*WHAT YOU ARE ASKED TO DO*.
Scan the records below for the line containing "开放平台中,标准模板库的模版提交审核,未通过,提示要填写资料。可是填写在哪?" and the line containing "This t-shirt is". Copy both, plus every line between, exactly.

#####

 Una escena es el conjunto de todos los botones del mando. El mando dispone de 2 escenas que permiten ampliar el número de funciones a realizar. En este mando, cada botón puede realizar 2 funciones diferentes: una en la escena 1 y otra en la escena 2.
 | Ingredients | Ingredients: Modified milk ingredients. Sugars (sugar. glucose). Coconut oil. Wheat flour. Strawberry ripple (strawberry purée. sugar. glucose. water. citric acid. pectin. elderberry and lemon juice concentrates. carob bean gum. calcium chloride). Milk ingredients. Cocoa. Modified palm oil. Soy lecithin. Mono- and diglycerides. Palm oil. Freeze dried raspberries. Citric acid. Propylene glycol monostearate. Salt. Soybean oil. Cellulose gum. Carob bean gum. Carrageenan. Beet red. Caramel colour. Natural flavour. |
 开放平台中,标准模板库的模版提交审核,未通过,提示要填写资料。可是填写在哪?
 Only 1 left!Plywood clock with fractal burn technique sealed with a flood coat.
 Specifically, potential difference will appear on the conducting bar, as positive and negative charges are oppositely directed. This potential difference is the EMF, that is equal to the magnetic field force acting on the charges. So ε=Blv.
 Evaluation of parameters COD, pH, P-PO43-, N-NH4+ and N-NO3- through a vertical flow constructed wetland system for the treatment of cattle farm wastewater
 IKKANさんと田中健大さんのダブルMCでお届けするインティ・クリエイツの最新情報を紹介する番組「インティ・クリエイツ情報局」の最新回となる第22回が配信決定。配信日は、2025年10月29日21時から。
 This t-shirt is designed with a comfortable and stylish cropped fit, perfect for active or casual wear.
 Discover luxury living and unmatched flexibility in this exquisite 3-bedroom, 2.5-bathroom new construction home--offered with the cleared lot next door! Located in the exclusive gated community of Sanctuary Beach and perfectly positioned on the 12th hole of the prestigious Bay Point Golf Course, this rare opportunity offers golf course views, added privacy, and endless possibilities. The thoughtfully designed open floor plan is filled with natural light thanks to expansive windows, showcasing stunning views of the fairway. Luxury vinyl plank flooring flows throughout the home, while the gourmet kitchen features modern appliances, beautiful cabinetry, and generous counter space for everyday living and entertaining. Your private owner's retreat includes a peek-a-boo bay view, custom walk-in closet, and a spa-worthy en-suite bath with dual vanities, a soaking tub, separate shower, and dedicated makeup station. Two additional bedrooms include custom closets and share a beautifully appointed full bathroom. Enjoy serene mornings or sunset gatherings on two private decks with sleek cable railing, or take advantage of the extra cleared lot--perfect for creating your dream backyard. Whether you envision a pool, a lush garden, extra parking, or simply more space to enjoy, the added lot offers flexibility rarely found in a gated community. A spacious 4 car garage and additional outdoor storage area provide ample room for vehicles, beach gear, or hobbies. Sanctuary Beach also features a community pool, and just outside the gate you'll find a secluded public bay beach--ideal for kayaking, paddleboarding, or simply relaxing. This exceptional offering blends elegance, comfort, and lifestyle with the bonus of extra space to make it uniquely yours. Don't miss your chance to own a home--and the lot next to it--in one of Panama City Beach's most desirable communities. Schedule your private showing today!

#####

*WRITTEN ANSWER*.
 开放平台中,标准模板库的模版提交审核,未通过,提示要填写资料。可是填写在哪?
 Only 1 left!Plywood clock with fractal burn technique sealed with a flood coat.
 Specifically, potential difference will appear on the conducting bar, as positive and negative charges are oppositely directed. This potential difference is the EMF, that is equal to the magnetic field force acting on the charges. So ε=Blv.
 Evaluation of parameters COD, pH, P-PO43-, N-NH4+ and N-NO3- through a vertical flow constructed wetland system for the treatment of cattle farm wastewater
 IKKANさんと田中健大さんのダブルMCでお届けするインティ・クリエイツの最新情報を紹介する番組「インティ・クリエイツ情報局」の最新回となる第22回が配信決定。配信日は、2025年10月29日21時から。
 This t-shirt is designed with a comfortable and stylish cropped fit, perfect for active or casual wear.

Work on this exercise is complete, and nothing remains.